Ingredients
- Cooking spray
- 3/4 cup rolled oats
- 1/2 cup all-purpose flour
- 1/4 teaspoon salt
- 3 tablespoons cold
- unsalted butter
- cut into small pieces
- 3 tablespoons cold
- lowfat buttermilk
- 4 teaspoons olive oil
- 1 large onion
- sliced thinly into half moons
- 8 ounces sliced mixed mushrooms
- such as cremini
- oyster
- shiitake
- 1/2 teaspoon salt
- 1/4 teaspoon freshly ground black pepper
- 1/4 teaspoon dry mustard
- 1 tablespoon chopped fresh thyme leaves (or 1 teaspoon dry)
- 3 large eggs
- 3 egg whites
- 1 cup evaporated fat-free milk (not condensed milk)
- 2/3 cup grated Gruyere cheese (about 1-ounce)
Instructions
- Preheat the oven to 400 degrees F. Spray a 9-inch pie dish with cooking spray.
- To prepare the crust, put the oats, flour and salt in the bowl of a food processor and pulse 3 times to combine.
- Add the butter and pulse about 12 times, until you get a pebbly course texture.
- Add the buttermilk and pulse 3 to 5 times more to combine.
- Form the mixture into a ball and place it between 2 large pieces of waxed paper.
- Roll out into a circle about 10 inches in diameter.
- Remove the top sheet of waxed paper.
- Transfer the crust, still on the other piece of waxed paper to the pie dish, then remove the waxed paper from the top.
- Press the crust gently into the dish.
- Bake for 9 minutes, then let cool.
- To prepare the filling, heat 2 teaspoons of oil in a large nonstick pan over a medium-low heat.
- Add the onion and cook, stirring occasionally, until golden brown and caramelized, about 20 minutes.
- Transfer the onions to a bowl.
- Add the remaining 2 teaspoons of oil to the pan and heat over a medium-high heat.
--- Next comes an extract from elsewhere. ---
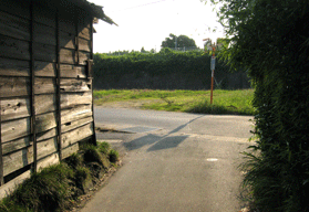 | 6-1(上) しばらくまっすぐな道が続きます。かつて7月21日には、島穴神社と姉崎神社の祭礼で、御輿が行き来したルートです。 |
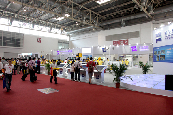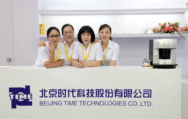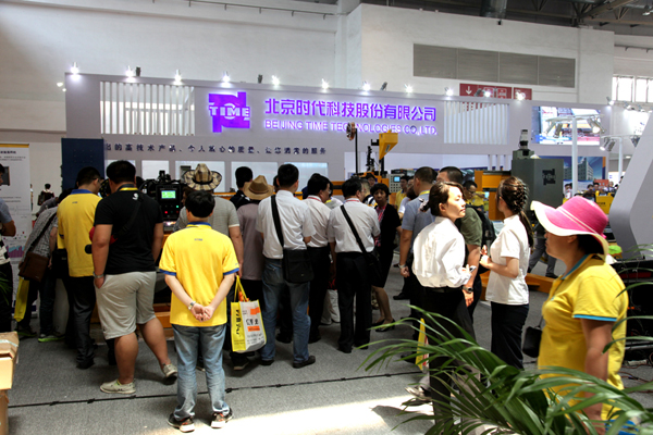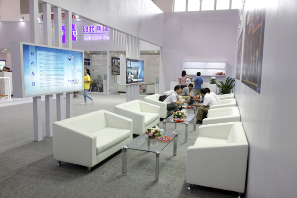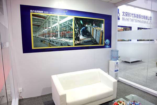 北京時代科技股份有限公司是業內展臺面積最大的參展商,展臺總可利用面積達到1008平米。公司的展位位于展覽中心的E2館。展位號:E2602。時代展臺風格恢弘大氣、通透開闊,這也是時代一貫的風格和氣魄。展臺色調以白色為主輔以藍色的燈箱字和有機字做點綴。今年時代的展臺中間橫跨一條6米寬的主通道,把展區分成左右兩邊。通道的上端制作了跨接結構上面高懸著時代公司碩大的LOGO。醒目的標志使觀眾站在E2館很遠的地方就能看到時代展臺。

- Add the mushrooms and cook, stirring occasionally, until they have released their water and begin to brown, about 6 minutes.
- Add the onions back to the pan, stir in the salt, pepper, mustard and thyme.
- In a medium bowl whisk together the eggs, egg whites and evaporated milk.
- Sprinkle the cheese into the pie crust.
- Top with the mushroom-onion mixture and pour the egg mixture on top.
- Reduce oven temperature to 350 degrees F. Bake for 35 minutes or until knife inserted in the middle comes out clean.
- Let stand for 5 minutes before cutting into 6 wedges and serving.
- Nutritional analysis per serving (Serving size: 1 wedge)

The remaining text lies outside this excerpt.